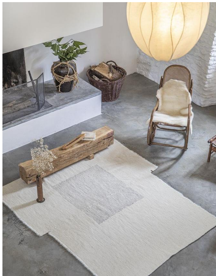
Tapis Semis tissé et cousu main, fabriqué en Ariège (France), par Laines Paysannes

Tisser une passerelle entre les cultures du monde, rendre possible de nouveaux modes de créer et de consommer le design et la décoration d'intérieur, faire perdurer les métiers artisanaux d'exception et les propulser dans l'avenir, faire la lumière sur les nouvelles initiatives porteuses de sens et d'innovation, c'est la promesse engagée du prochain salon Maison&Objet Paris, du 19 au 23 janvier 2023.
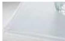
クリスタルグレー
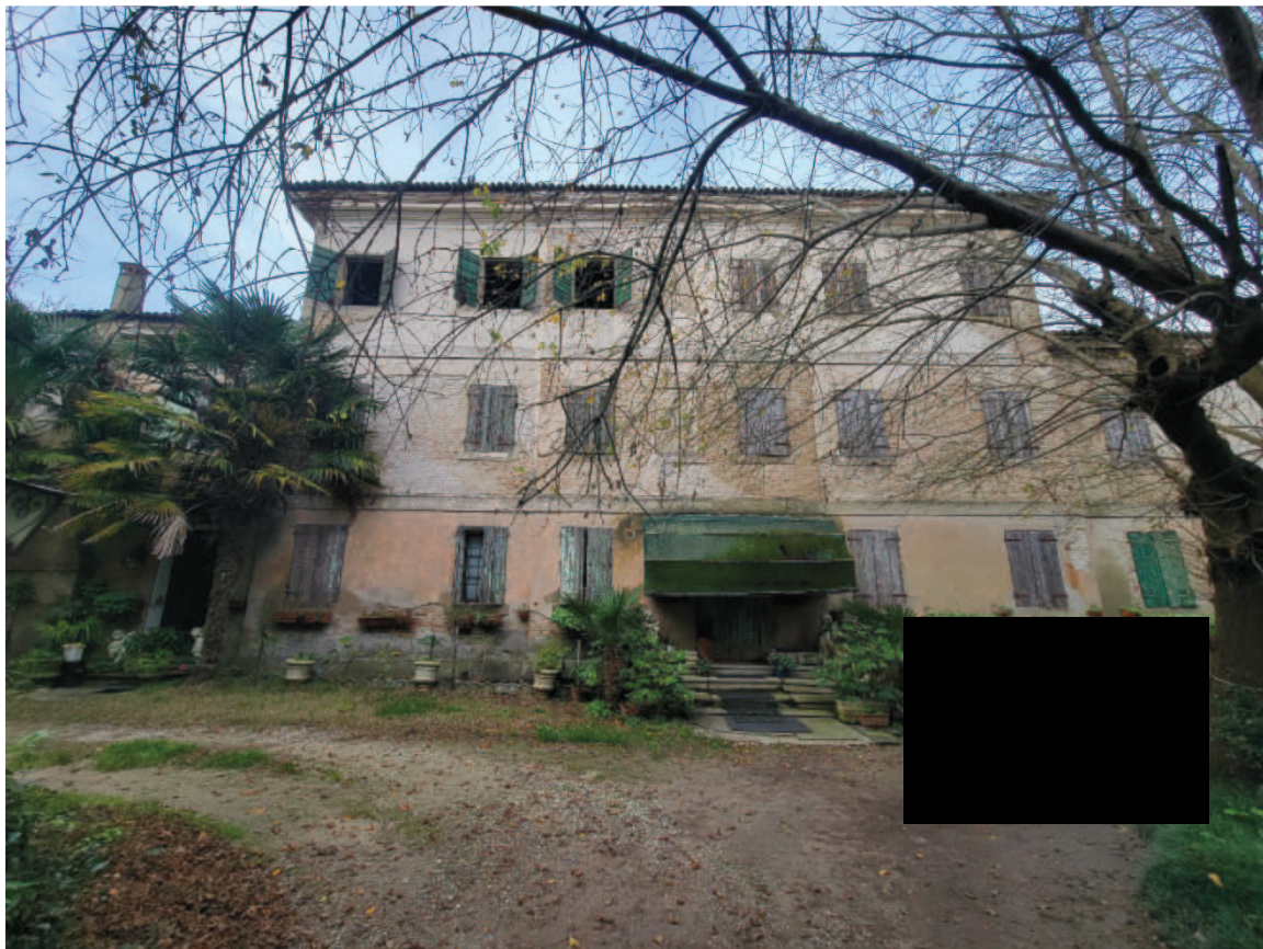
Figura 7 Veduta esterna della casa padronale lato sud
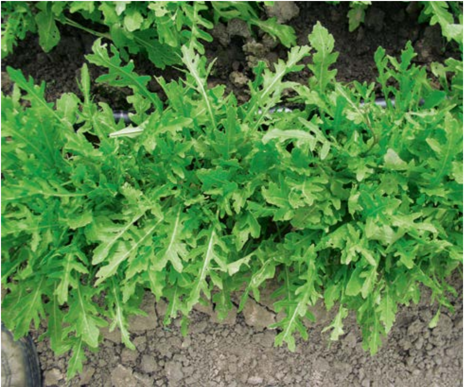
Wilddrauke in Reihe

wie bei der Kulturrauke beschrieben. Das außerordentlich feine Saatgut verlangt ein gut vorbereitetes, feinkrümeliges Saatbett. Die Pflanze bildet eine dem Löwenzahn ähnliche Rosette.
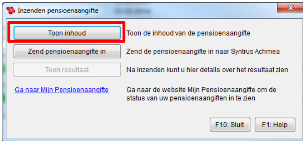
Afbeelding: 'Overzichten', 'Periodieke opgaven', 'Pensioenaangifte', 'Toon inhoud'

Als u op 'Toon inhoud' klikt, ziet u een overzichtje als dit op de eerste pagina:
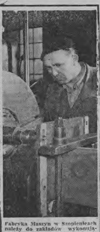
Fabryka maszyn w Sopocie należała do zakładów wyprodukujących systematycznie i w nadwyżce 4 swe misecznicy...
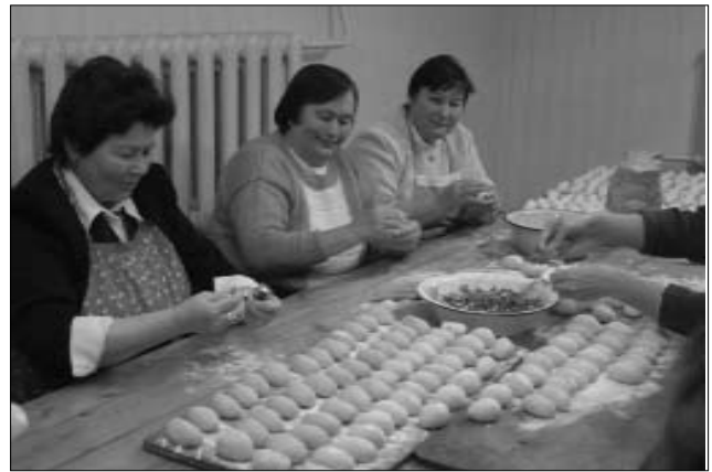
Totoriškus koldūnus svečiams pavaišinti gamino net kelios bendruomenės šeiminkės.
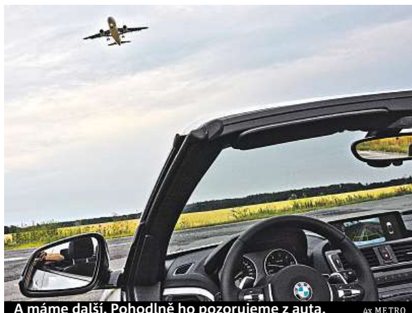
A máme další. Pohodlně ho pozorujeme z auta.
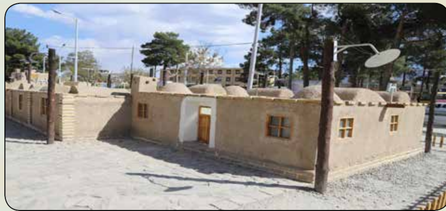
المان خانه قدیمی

==

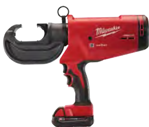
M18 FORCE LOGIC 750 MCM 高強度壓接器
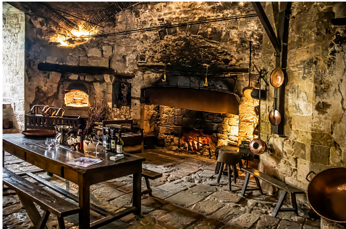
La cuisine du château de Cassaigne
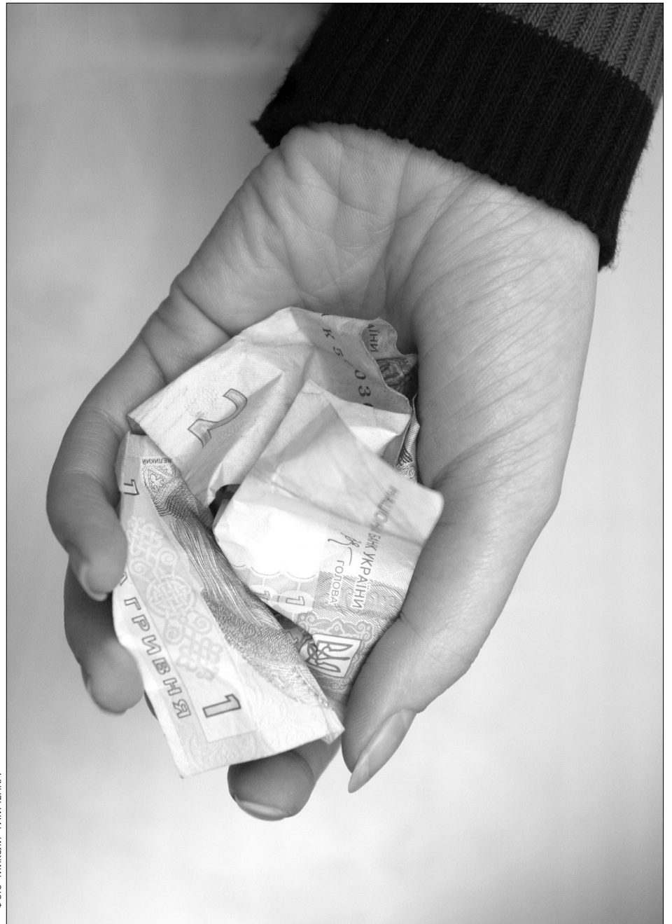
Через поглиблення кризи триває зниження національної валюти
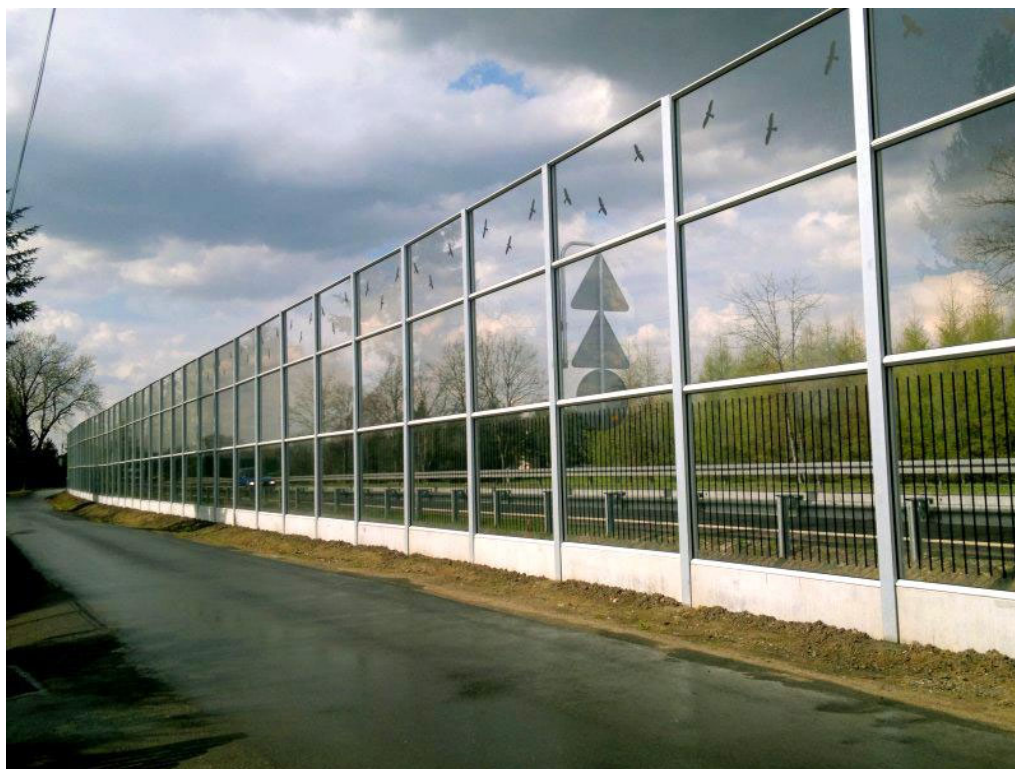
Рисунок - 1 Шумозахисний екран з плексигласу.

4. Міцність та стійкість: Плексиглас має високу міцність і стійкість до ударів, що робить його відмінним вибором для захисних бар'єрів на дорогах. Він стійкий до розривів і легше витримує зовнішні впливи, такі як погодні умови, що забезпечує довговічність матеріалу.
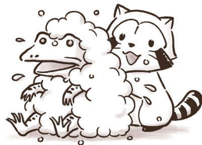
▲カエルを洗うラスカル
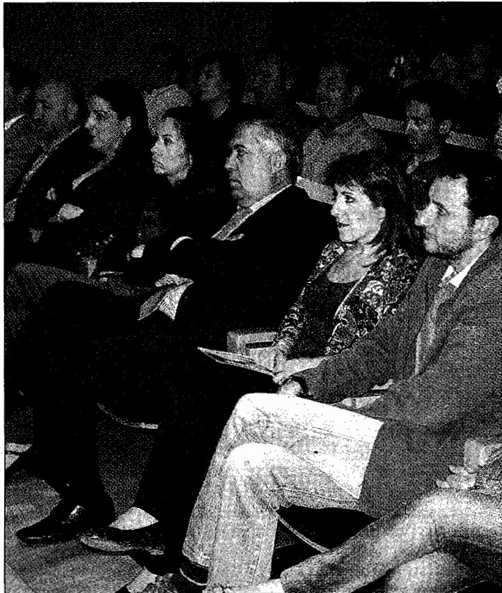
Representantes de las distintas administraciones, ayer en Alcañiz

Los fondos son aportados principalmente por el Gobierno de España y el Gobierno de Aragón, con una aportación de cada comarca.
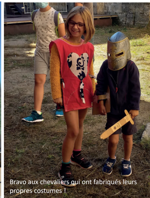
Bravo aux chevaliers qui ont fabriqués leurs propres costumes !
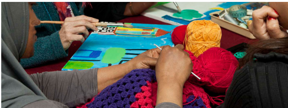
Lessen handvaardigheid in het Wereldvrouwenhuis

=== What to work on ===
Please find the lines in the data that contain the word "inhoud" and copy them.

=== Solution for this problem ===
Afbeelding: 'Overzichten', 'Periodieke opgaven', 'Pensioenaangifte', 'Toon inhoud'
Als u op 'Toon inhoud' klikt, ziet u een overzichtje als dit op de eerste pagina:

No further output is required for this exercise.